4. (Facultatif) Utilisez l'outil d'application de règle d'administration booléenne pour vérifier que les contraintes de règle d'administration sont bien appliquées dans tous vos projets.
5. Lorsque vous déployez de nouvelles ressources, utilisez le nouveau compte de service au lieu du compte de service Compute Engine par défaut.
Si vous souhaitez continuer à rattacher le compte de service Compute Engine par défaut aux nouvelles ressources, procédez comme suit :
1. (Facultatif) Utilisez les recommandations de rôle pour réduire le champ d'application des autorisations de façon sécurisée pour le compte de service Compute Engine par défaut.
  
  Le compte de service Compute Engine par défaut reçoit automatiquement le rôle très permissif Éditeur (roles/editor). Toutefois, nous ne recommandons pas l'utilisation d'un rôle aussi permissif dans les configurations de production.
  Remarque : Pour renforcer la sécurité de votre organisation, vous pouvez désactiver les attributions automatiques de rôles pour les comptes de service.
2. Assurez-vous que tous les utilisateurs qui déploient ces ressources ont la possibilité d'usurper l'identité du compte de service Compute Engine par défaut.
  
  Pour ce faire, attribuez aux utilisateurs un rôle qui inclut l'autorisation iam.serviceAccounts.actAs, comme le rôle "Utilisateur du compte de service" (roles/iam.serviceAccountUser). Vous pouvez accorder ce rôle sur le projet ou sur le compte de service Compute Engine par défaut. Pour obtenir les instructions nécessaires, consultez Gérer l'usurpation d'un compte de service.
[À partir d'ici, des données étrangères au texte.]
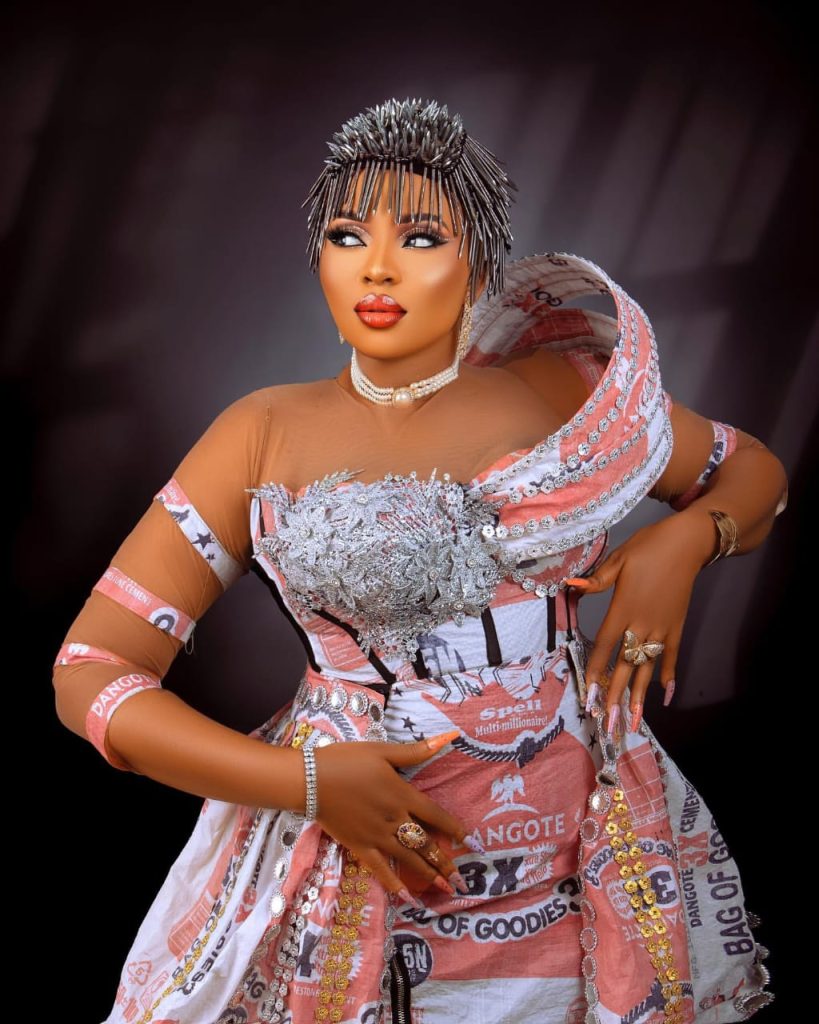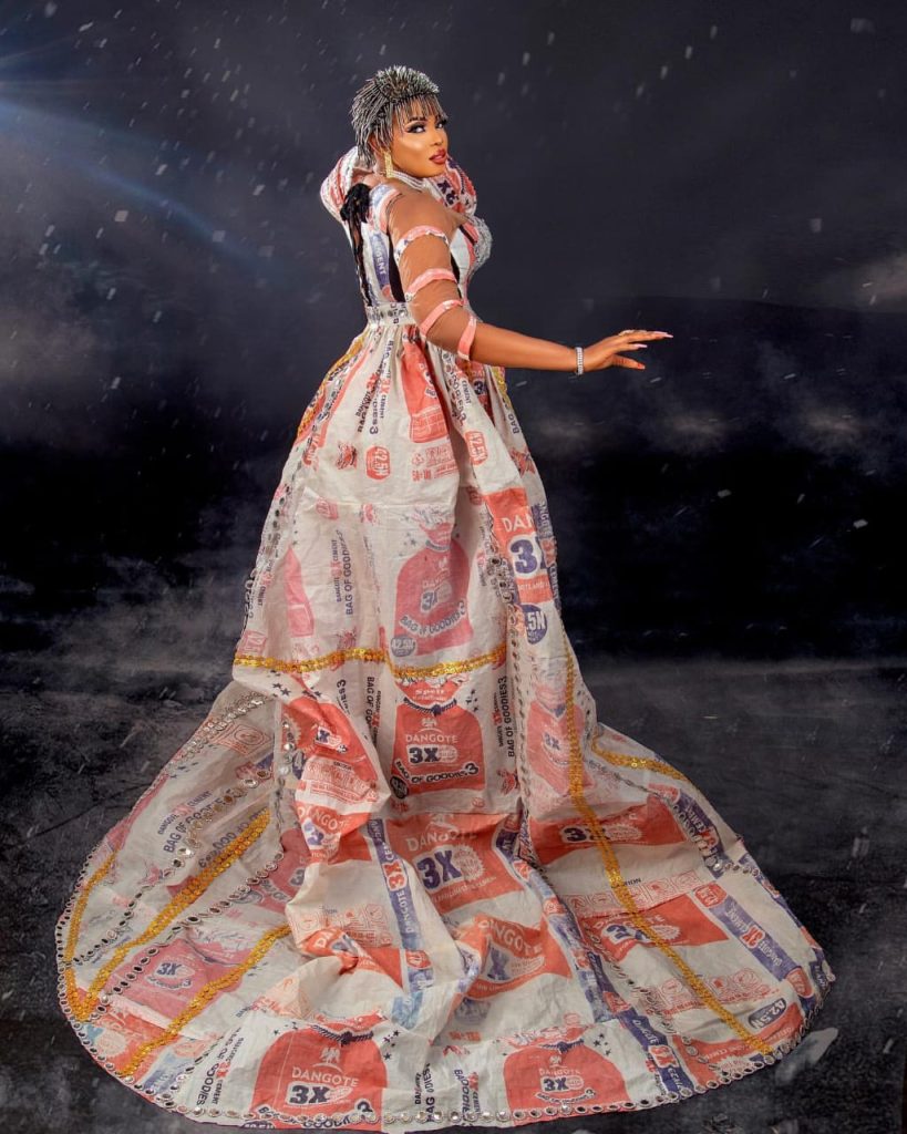 The 2019 Big Brother Naija reality TV star shared photos from her birthday shoot, wearing a beautifully designed dress made entirely from cement bags on her Instagram page.

  Remarque : Si vous disposez d'un grand nombre de projets, vous pouvez utiliser l'outil de recherche d'écarts d'autorisations pour identifier les utilisateurs pouvant déployer des ressources, mais ne pouvant pas emprunter l'identité du compte de service Compute Engine par défaut.
3. Activez les contraintes de règle d'administration suivantes pour appliquer des contrôles d'autorisation de compte de service lors de l'association de comptes de service à des ressources.
  - constraints/dataflow.enforceComputeDefaultServiceAccountCheck
  - constraints/dataproc.enforceComputeDefaultServiceAccountCheck
4. (Facultatif) Utilisez l'outil d'application de règle d'administration booléenne pour vérifier que les contraintes de règle d'administration sont bien appliquées dans tous vos projets.